“Quando c’è la guerra, a due cose bisogna pensare prima di tutto: in primo luogo alle scarpe, in secondo alla roba da mangiare; e non viceversa, come ritiene il volgo: perché chi ha le scarpe può andare in giro a trovar da mangiare, mentre non vale l’inverso. – Ma la guerra è finita, – obiettai: e la pensavo finita, come molti in quei mesi di tregua, in un senso molto più universale di quanto si osi pensare oggi. – Guerra è sempre, Primo– rispose memorabilmente Mordo Nahum”.

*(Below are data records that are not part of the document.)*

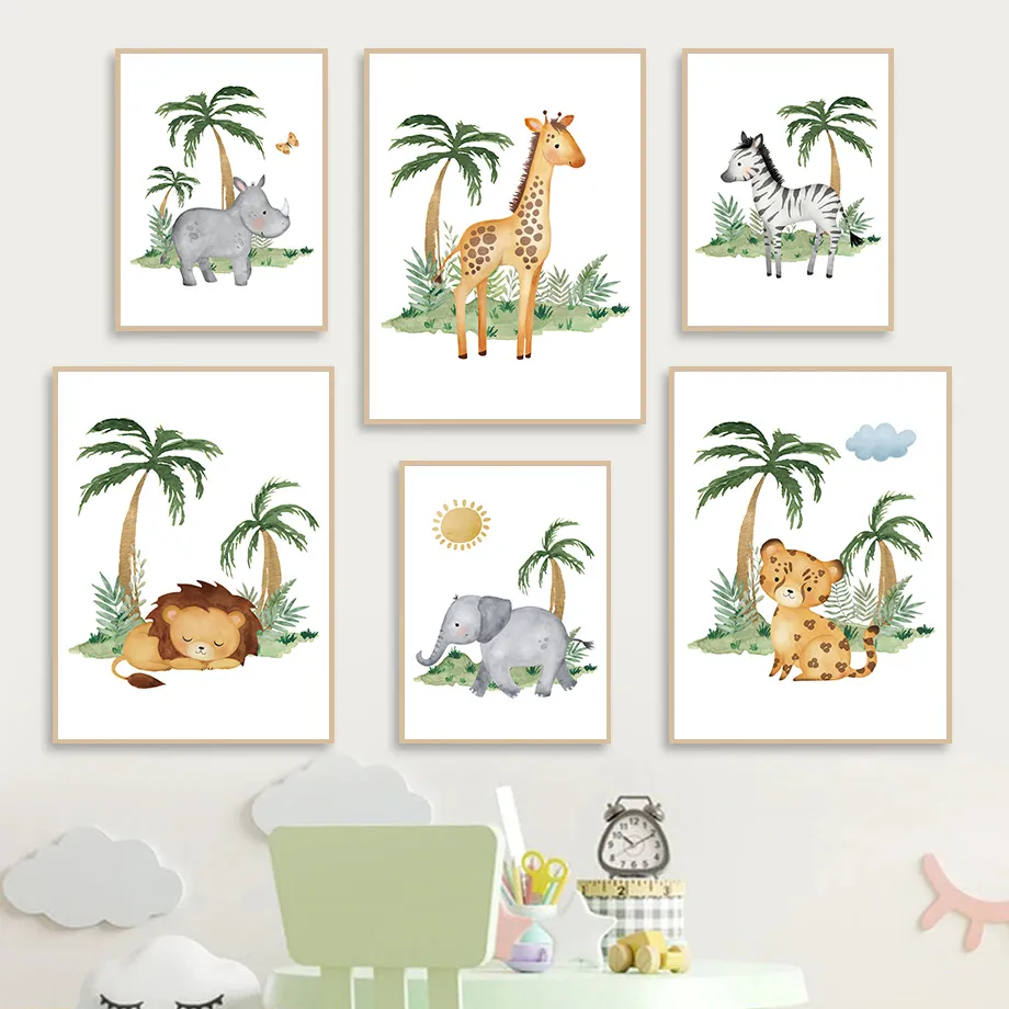 Transform your nursery walls into a lush jungle scene by creating DIY wall murals or hanging up animal print art. If you’re feeling artistic, you can paint a beautiful jungle landscape directly on the walls, filled with trees, vines, and adorable jungle animals. For a simpler option, opt for removable wall decals featuring jungle animals like monkeys, zebras, and parrots.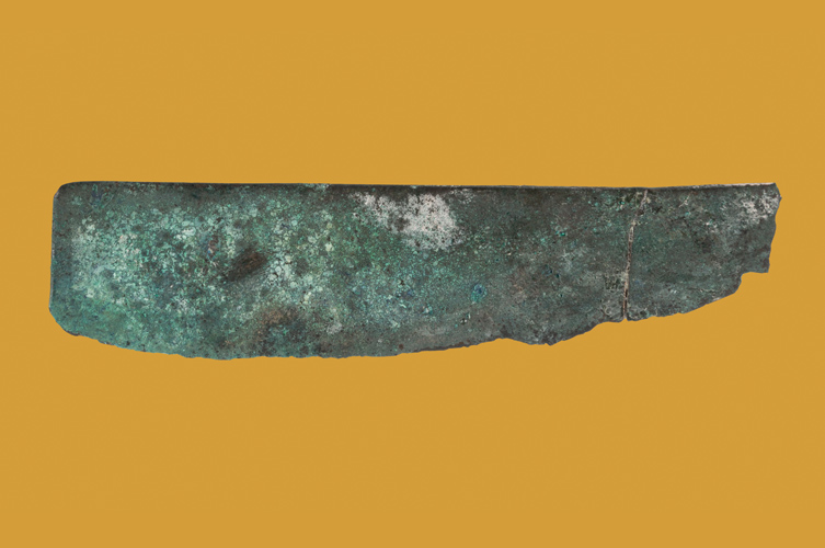 föreställ dig att de är riktigt blanka och gyllengula. Det var så de såg ut när de var nya. Den gyllene färgen var inte bara populär på smycken och andra statusföremål. De första tygerna som färgades kan ha varit gula. Den grönbruna färgen beror på att metallen har ärgat, alltså påverkats av luft och vatten under årens lopp.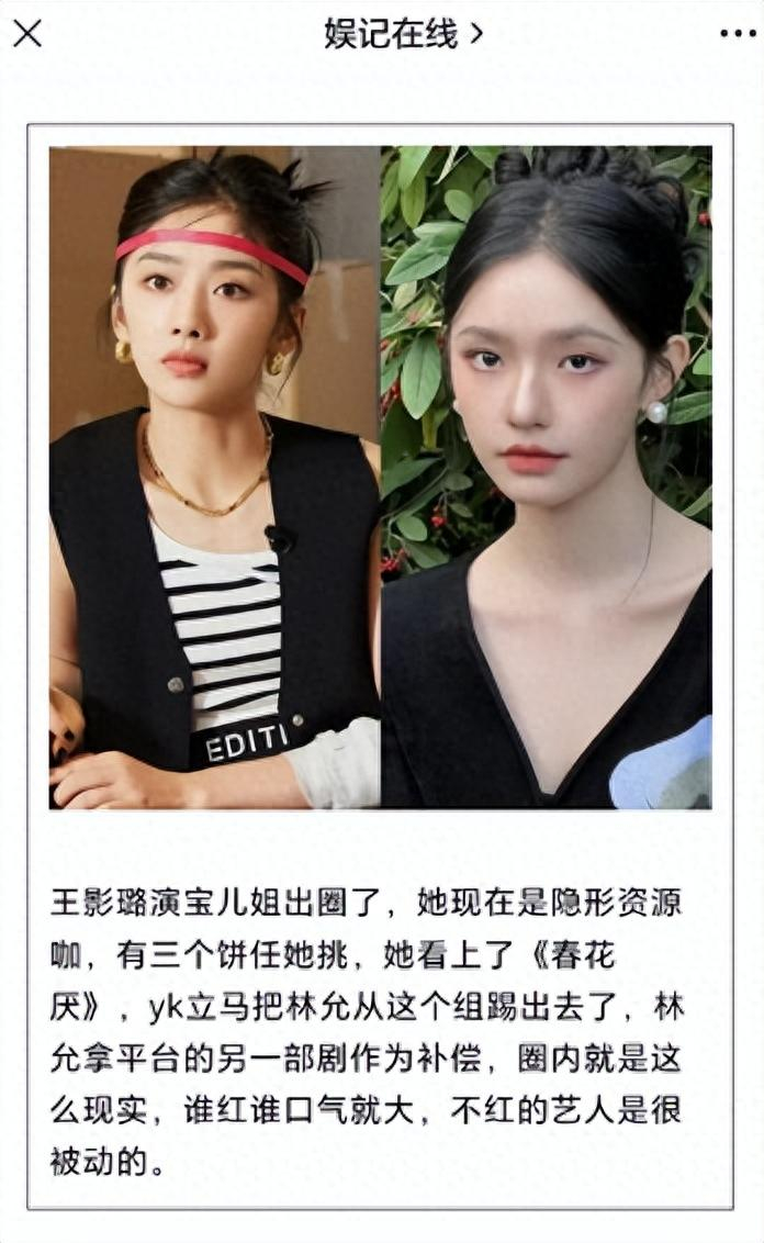 顶替林允的是女演员王影璐,为了弥补林允的损失,制片人用另一部电视剧作为给林允的补偿,显然另一部电视剧不如《春花厌》更有魅力,只是制片人做出这样的决定,应该也是经过多方考量后做出的决定。

Queste righe di Primo Levi, tratte da “La Tregua”, da quasi 50 anni mi rimbalzano periodicamente nella testa. Da quando, ragazzino delle medie inferiori, fui stimolato a crescere con l’imprescindibile narrazione di un sopravvissuto ad Auschwitz, grazie a una grande insegnante come Anna Materi Cassano.
Solo pochi mesi fa, ascoltando Liliana Segre nella sua ultima, memorabile lezione pubblica, ho avuto la stessa emozione. Per fortuna il racconto di questa incredibile novantenne con tatuato sul braccio il numero 75.190, anche lei “viva per caso” come Levi, è sempre sui canali Rai. Per capire una volta ancora il dono fatto dalla senatrice a vita non soltanto ai ragazzi e alle ragazze di oggi ma all’intera specie umana, grazie a una testimonianza che non ha prezzo, come non ha prezzo ogni singola esistenza.
“Scegliete sempre la vita - ha insegnato Liliana Segre nella sua infaticabile opera di pedagogia civile - scegliete la vita, che è straordinaria”. E non per caso un suo libro ha per titolo “La memoria rende liberi”. Perché è grazie alla memoria che la ragazzina ebrea, sopravvissuta al campo di sterminio per definizione, ha raccolto e perpetuato la lezione di Primo Levi, e di Mordo Nahum. Contro ogni fascismo, ogni guerra, ogni violenza dell’uomo sull’uomo e sulla natura. Facendo del “Giorno della memoria”, il 27 gennaio anniversario della liberazione di Auschwitz, un giorno che deve durare un anno intero.